Content starts

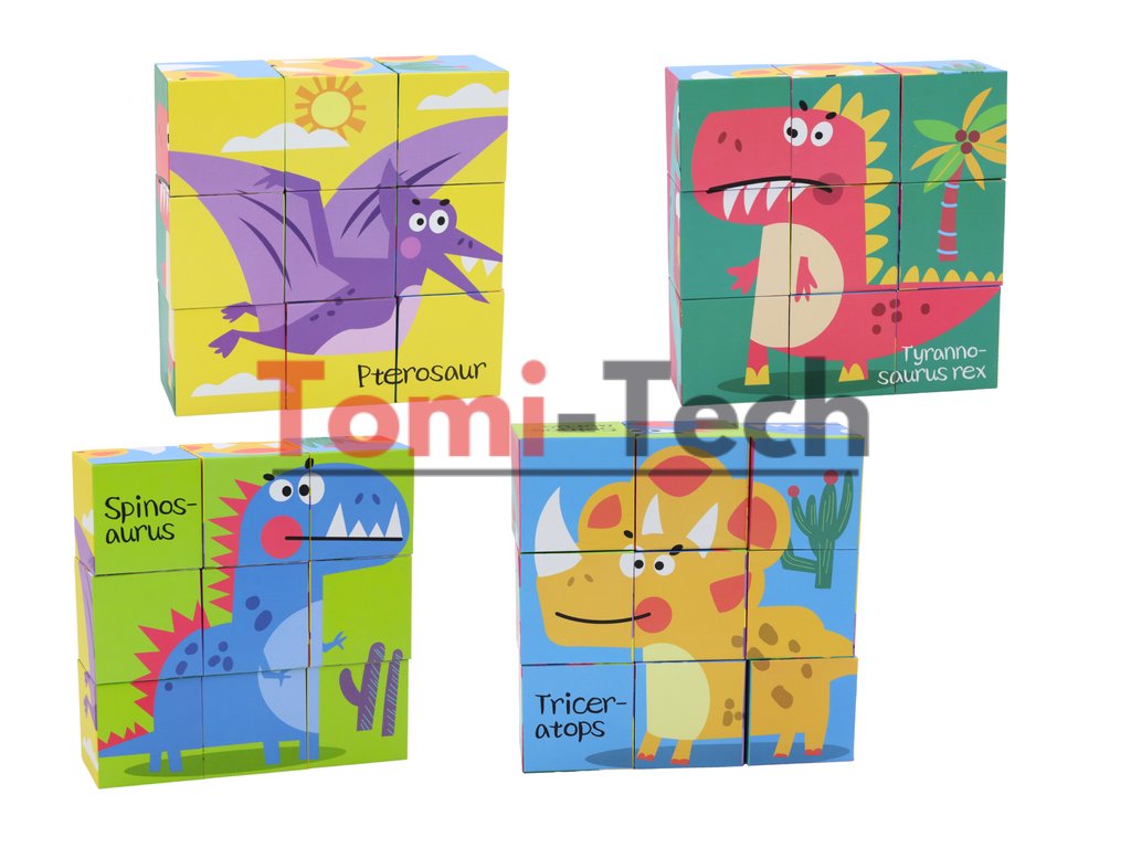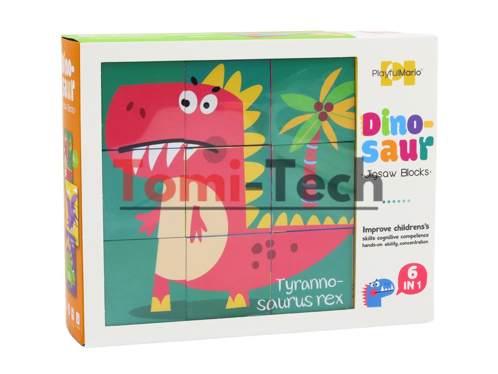 Vzdelávacie puzzle 6 v 1, skladačky, kocky, 6 obrázkov, dinosaury, 9 dielikov.
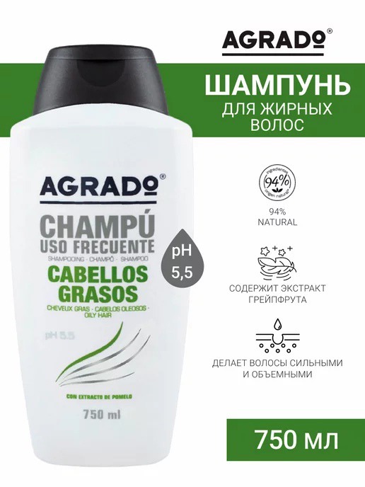 Совместные покупки Нижний Тагил Косметика и парфюмерия Шампуни — AGRADO Prof Шампунь для жирных волос Greasy hair Грейпфрут (Испания)
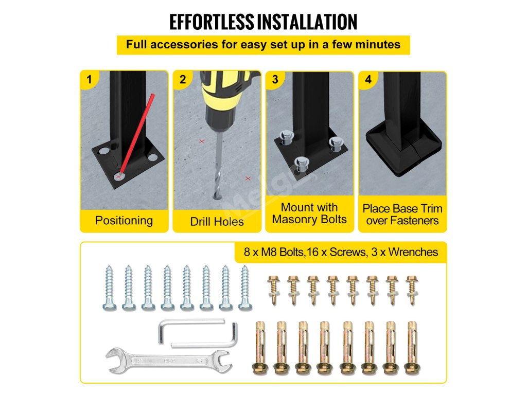 Sada betonového schodišťového zábradlí obsahuje vše, co potřebujete k upevnění zábradlí a sloupků na schody. Instalace je jednoduchá a kompletní montáž zabere několik minut.
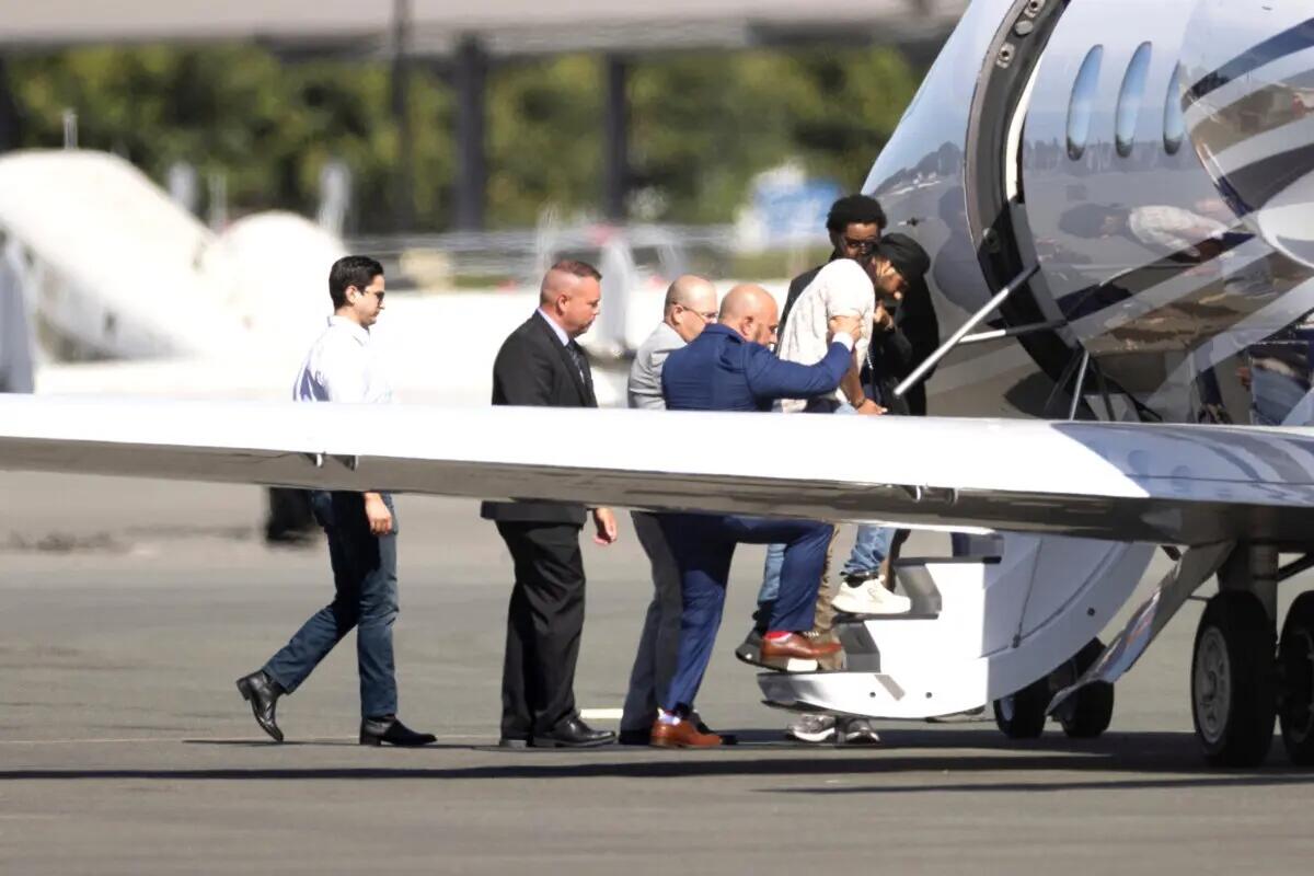 Harjinder Singh is escorted onto an airplane by Florida Lt. Gov. Jay Collins and law enforcement in Stockton, Calif., on Aug. 21, 2025. Benjamin Fanjoy/AP Photo

Content ends

__TASK DETAILS__.
Give back exactly, and solely, the section of the data above bounded by the line containing "Совместные покупки Нижний" and the line containing "Sada betonového schodišťového", both bounding lines included and pictures omitted.

__TASK OUTPUT__.
 Совместные покупки Нижний Тагил Косметика и парфюмерия Шампуни — AGRADO Prof Шампунь для жирных волос Greasy hair Грейпфрут (Испания)
 Sada betonového schodišťového zábradlí obsahuje vše, co potřebujete k upevnění zábradlí a sloupků na schody. Instalace je jednoduchá a kompletní montáž zabere několik minut.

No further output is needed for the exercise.